Tree-of-Debate: Multi-Persona Debate Trees Elicit Critical Thinking for Scientific Comparative Analysis¶

Conference: ACL 2025
arXiv: 2502.14767
Authors: Priyanka Kargupta, Ishika Agarwal, Tal August, Jiawei Han (UIUC) Code: GitHub
Area: Others
Keywords: Multi-agent debate, paper comparative analysis, tree-structured reasoning, retrieval-augmented generation, scientific literature summarization

TL;DR¶

The Tree-of-Debate (ToD) framework is proposed, which represents scientific papers as LLM personas that engage in tree-structured debates. Through self-deliberation, iterative retrieval, and moderator-guided hierarchical subtopic expansion, ToD generates fine-grained, contextualized comparative summaries of papers, significantly outperforming baseline methods in evaluations by domain experts.

Background & Motivation¶

Background¶

With the explosive growth of scientific literature (e.g., over 24,000 papers submitted to arXiv in October 2024 alone), researchers face a major challenge: identifying novel discoveries, incremental contributions, and equivalent ideas across related papers, particularly similar works from different research communities. Automatically generating comparative summaries of papers is highly valuable for literature reviews.
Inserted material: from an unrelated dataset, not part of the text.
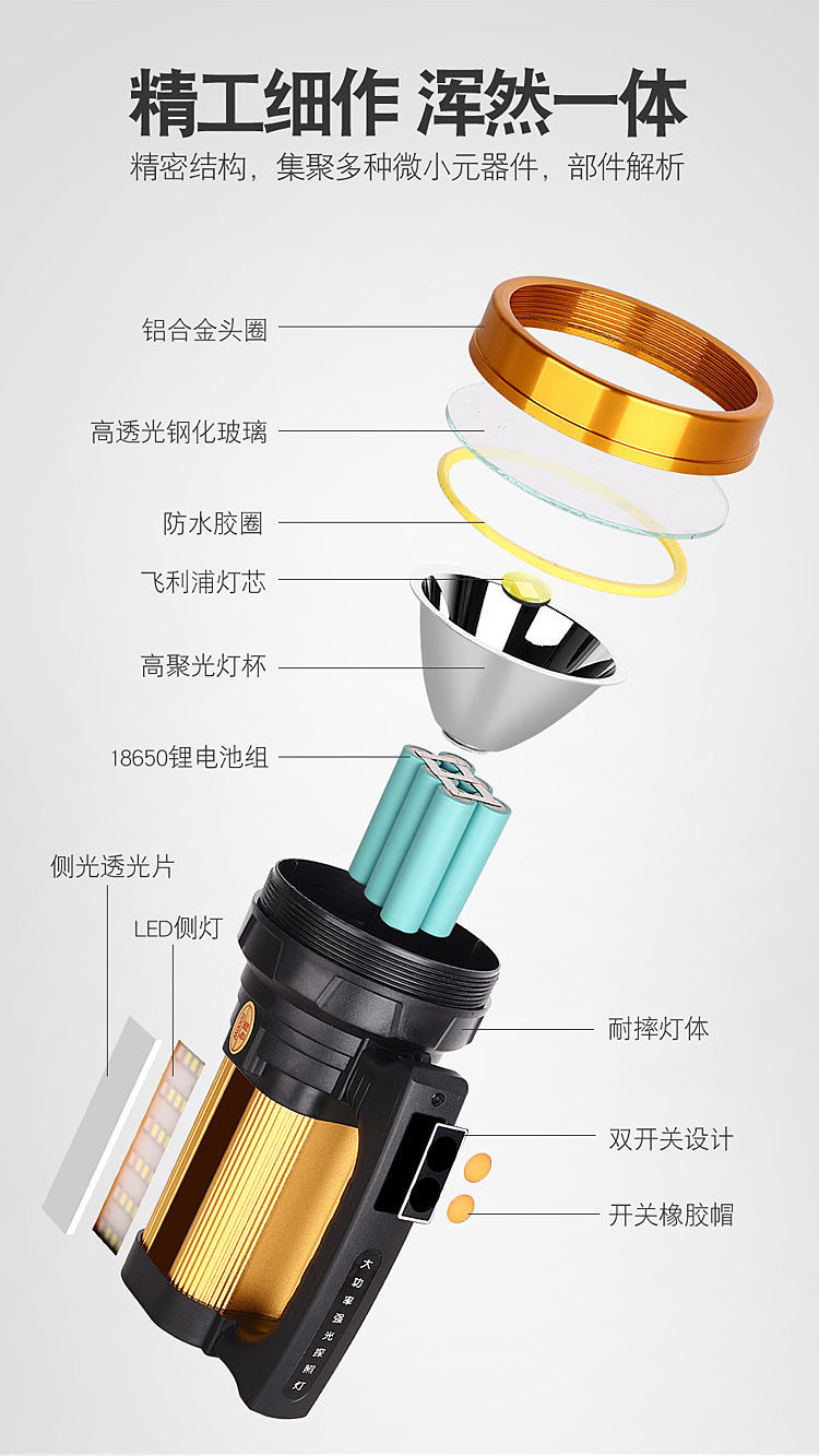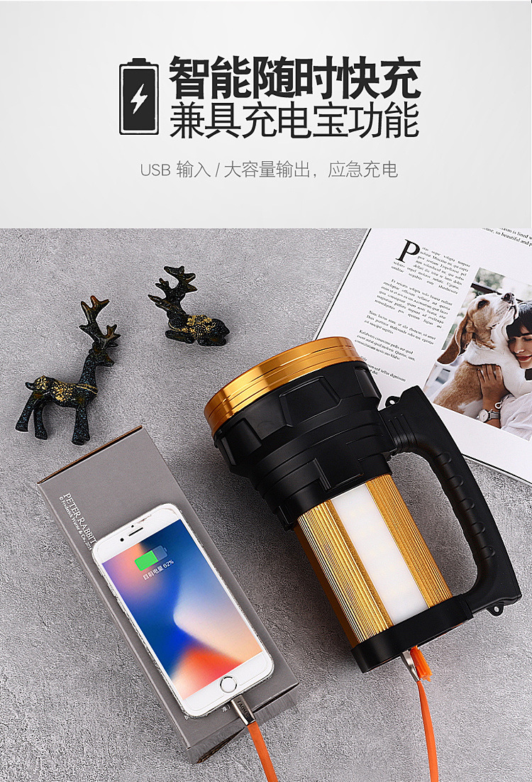 손전등 충전식 가정용 고출력 휴대용 램프 낚시 램프 슈퍼 밝은 장거리 야외 탐조등스토어 가기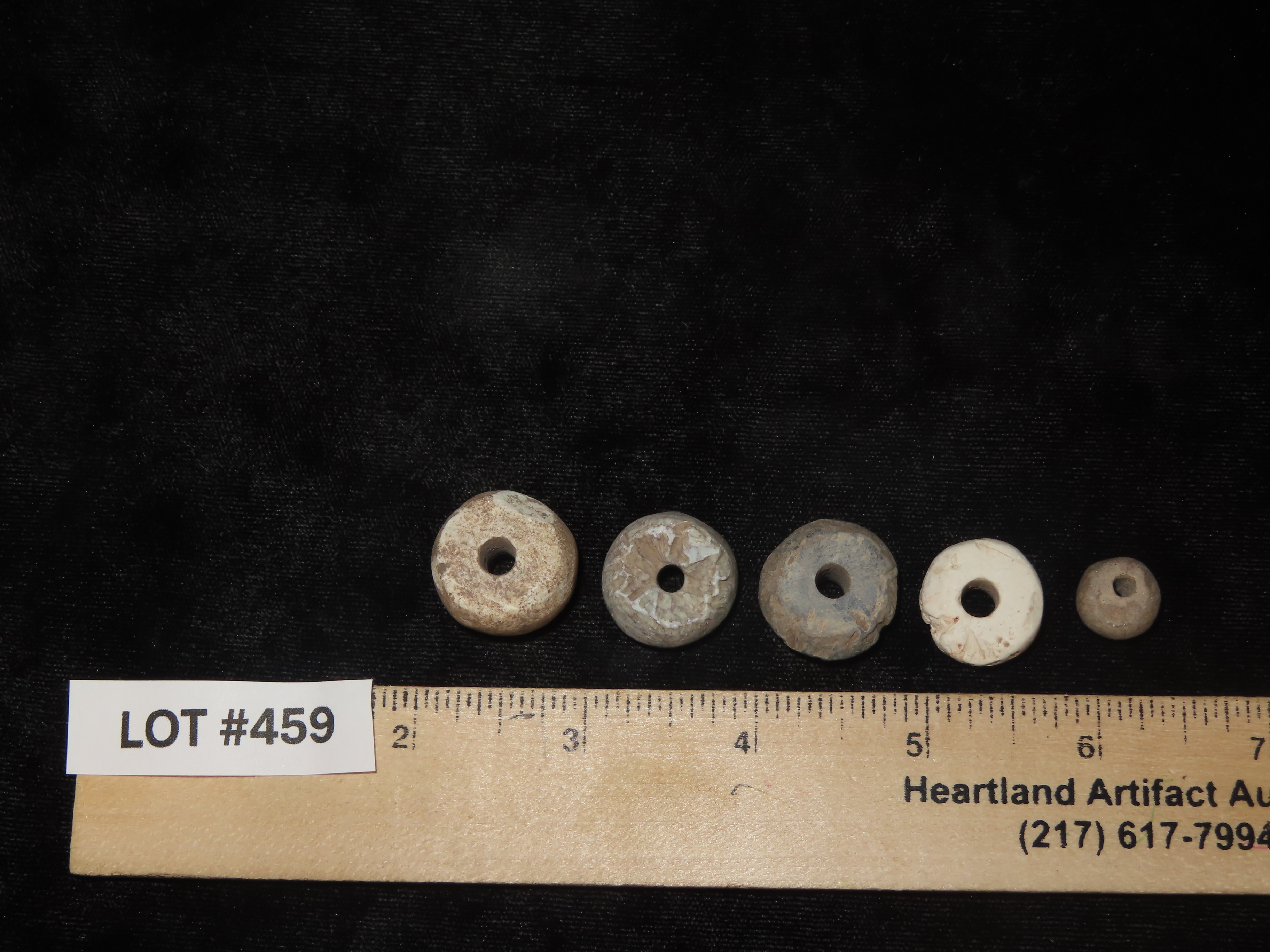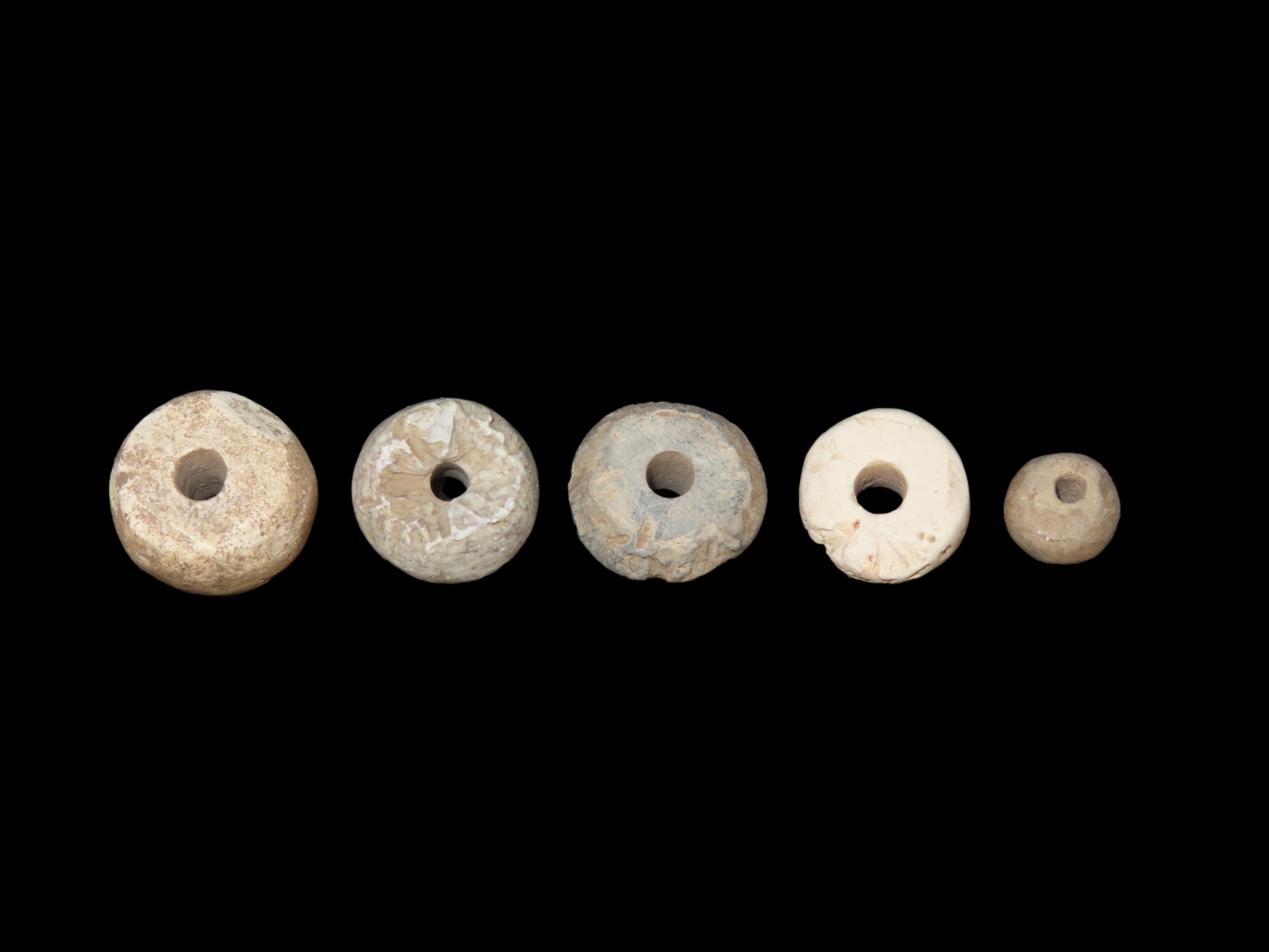 5 Large Pre Columbian Drilled Stone Beads, Mexico. Very Large examples

Limitations of Prior Work¶

Existing comparative summarization methods (such as the Two-Stage pipeline) typically adopt an "extract-then-compare" two-step strategy, but they only focus on surface-level semantic differences and fail to capture the most relevant deep distinctions.
Unstructured LLM generation tends to produce extractive summaries, listing semantically similar/dissimilar phrases directly as similarities/differences without contextual explanations of "why".
Difficulty in handling long texts: Providing the entire paper directly leads to key details being overwhelmed, while using only titles and abstracts yields only high-level, surface-level comparisons.
Lack of datasets for non-co-citing papers: Prior work neglects comparison scenarios between papers that do not cite each other, which is extremely common in the era of literature explosion.

Core Motivation¶

To design a structured multi-persona debate framework that uses a tree structure to decompose paper contributions into independent subtopics. It aims to reveal fine-grained similarities and differences through debate-style critical reasoning while ensuring factual accuracy via iterative retrieval.

Method¶

Overall Architecture¶

ToD consists of three core roles: two paper personas (representing the two papers to be compared) and one moderator. Given two papers \(p_1, p_2\) and a root topic \(n_0\), the framework dynamically constructs a debate tree \(T\), where each node represents a debate round on a specific topic contribution.

Segment-level Retrieval¶

A retrieval embedding model is used to partition each paper into segments of approximately three sentences.
The top \(\delta\) most relevant segments are retrieved for each topic \(n_i\) based on cosine similarity.
Query format: "[Topic Name] : [Topic Description]"

Persona Construction¶

Paper Persona: Authored with the paper's title, abstract, and retrieved segments related to the current topic, with the role of arguing that its own contribution is superior to the opponent's.
Moderator: Uses the same underlying model and is responsible for (i) identifying key debate subtopics, (ii) judging the progress of the debate, and (iii) synthesizing the debate tree into a comparative summary.

Tree Node Debate Process (Three Stages)¶

Stage 1: Self-Deliberation 1. Each persona retrieves segments \(S_i^a\) related to the current topic \(n_i\). 2. Generates \(k\) novelty claims \(C_i^a\), mapping them to corresponding evidence \(E_i^a \subseteq S_i^a\). 3. Preemption: Exposes the opponent's claims \(C_i^b\) to persona \(p_a\), who retrieves preemptive evidence \(\widetilde{E}_i^a\) from their own paper and uses an LLM filtering step to judge whether the evidence supports, refutes, or clarifies the opponent's claim. 4. The moderator generates \(k\) subtopics based on the claims and evidence from both sides.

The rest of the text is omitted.